Sembollerin Sessiz İktidarı
Orta Çağ’a bakıldığında ilk fark edilen şey karanlık değildir; aksine, güçlü ve göz alıcı bir ışık vardır. Vitraylardan süzülen renkler, altın yaldızlı el yazmaları, göğe uzanan katedraller… Fakat bu ışığın ardında, toplumun okuryazarlığının düşük olduğu bir çağda sembollerin nasıl saf bir inançtan çok bir yönetim aracına dönüştüğünü unutmak kolaydır. Çünkü o görkemin altında başka bir gerçek daha vardır: Bilgi azsa, sembol çok konuşur. Anlatım araçları sınırlıysa, görüntü güç kazanır. Ve bu güç, çoğu zaman yalnızca ruhu beslemek için değil, toplumu yönlendirmek ve itaati pekiştirmek için kullanılır.
Kilise, Orta Çağ boyunca sanatın tüm dilini elinde tutuyordu. İnsanların büyük kısmı okuyamadığı için vitraylar, heykeller ve freskler yalnızca dini hikâye aktaran görüntüler değildi; aynı zamanda davranışı şekillendiren mesajlardı. Cennetin ışığı yukarıda, cehennemin karanlığı aşağıda; kutsallık altınla, günah gölgeyle anlatılırdı. Bunlar sadece teolojik metafor değil, aynı zamanda toplumsal bir hiyerarşi şemasının görsel halidir. İnsanlara “yerini” gösterir, “üstünü” işaret eder, “itaatin doğruluğunu” hatırlatırdı. Bir anlamda sanat, inançla birlikte iktidarın en etkili diliydi.
Pagan sembollerinin dönüştürülüp yeni bir anlamla paketlenmesi de bu mekanizmanın bir parçasıydı. Eski halk inançlarının şekilleri, yeni dinin çerçevesine yerleştirildi. Bu hem tanıdık gelmesi için, hem de halkın eski bağlarını kilise eliyle yeniden yönlendirmek içindi. Gargoyle’lar, güneş ışını motifleri, yaşam ağacı sembolleri… Hepsi hem eskiyi unutturmayan hem de yeniyi kutsayan akıllı bir senteze dönüştü. Böylece insanlar köklerinden kopmadan ama artık kilisenin yorumuyla düşünmeye başladı.
Gerçekçilikten uzak figürler, bilinçli olarak yassı bırakılmış mekânlar, altın fonlar… Hepsi dünyevi gerçekliği azaltıp kilisenin sunduğu manevi gerçekliği tek seçenek hâline getirmek içindi.

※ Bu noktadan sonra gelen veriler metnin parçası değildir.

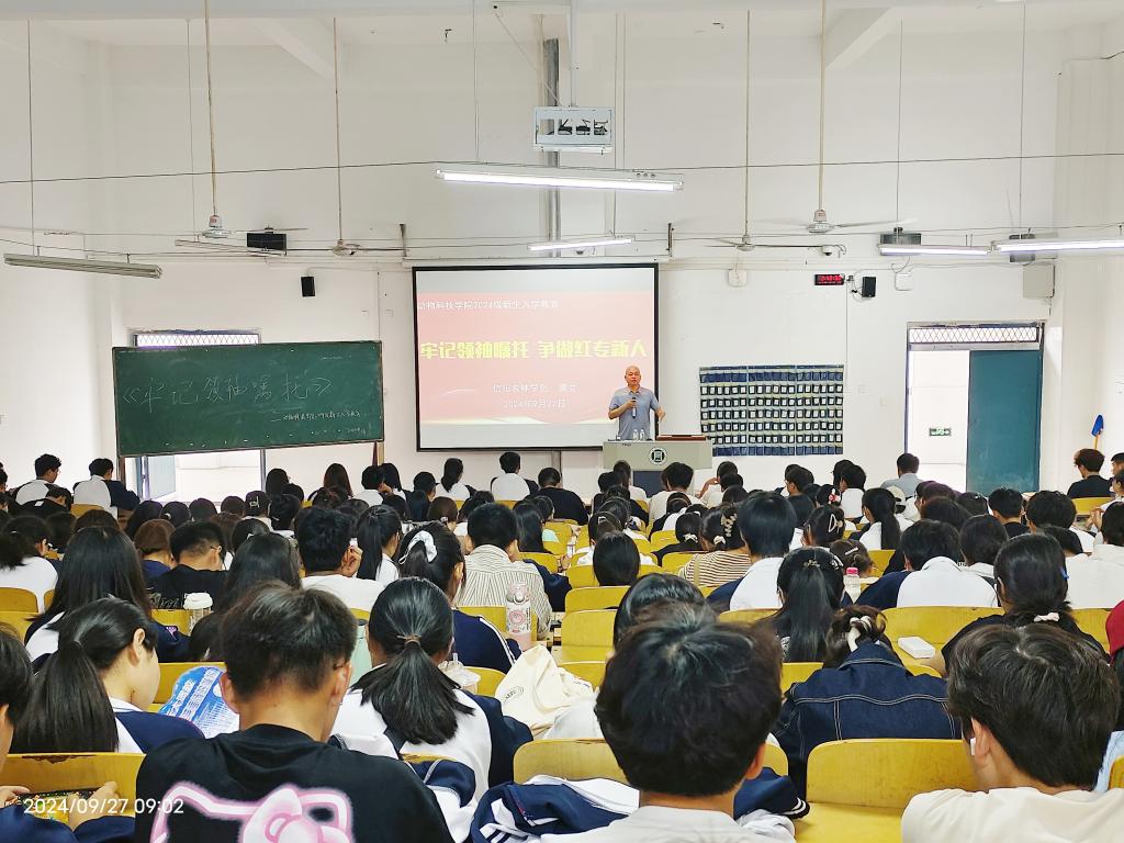 9月27日上午,副校长黄立以“牢记领袖嘱托,争做红专新人”为新生开展理想信念教育。

Çünkü ne kadar az sorgulanırsa, o kadar çok inanılırdı. Sanat bir eğitim değil, bir yönlendirme mekanizmasıydı. Halkın semboller aracılığıyla “doğruyu” hissetmesi, kilisenin otoritesini sorgulamasından daha önemliydi.
Bugünden bakıldığında bu yapı tamamen geçmişte kalmış gibi görünür; oysa mesele sadece mekân değiştirdi. Orta Çağ’da katedrallerin camlarında olan şey, bugün ekranların ışığında sürüyor. Semboller artık taşta ve camda değil; dijital görüntülerde, ritimlerde, sloganlarda, ikonlarda dolaşıyor. Ama temel mantık aynı: Görüntü duyguya dokunur, duygu düşünceyi yönlendirir. İnsan fark etmeden inanır, sorgulamadan kabullenir. Bir sembolün anlamı açıkça anlatılmasa bile zihin onu otomatik olarak yorumlar. Bu, Orta Çağ kilisesinin ustalıkla kullandığı bir yöntemdi. Bugünün dünyasında da aynı yöntem sadece daha hızlı, daha geniş ve daha görünmez çalışıyor.
Zaman değişti, ama konu değişmedi:
Semboller hâlâ gücün en sessiz ama en etkili dili.
Dün kilise bu dili elinde tutuyordu; bugün başka kurumlar, başka yapılar, başka ekranlar… Fakat yöntem aynı: Görüneni değil, görünmeyeni işlemek. İnsanların bilinçaltına sessizce duygular, korkular, umutlar, itaat kalıpları yerleştirmek. Sembol, hâlâ en çok inandıran araç; çünkü zihin sembolle karşılaştığında düşünmeden önce hisseder. Ve hisseden insan, çoğu zaman kimin yönlendirdiğini bilmeden yönlendirilir.
Belki de bu yüzden tarih bize hep aynı şeyi gösterir: Işık nereden gelirse gelsin, gölgeyi de beraberinde getirir. Önemli olan ışığın parlaklığı değil, kimin ışığı tuttuğudur.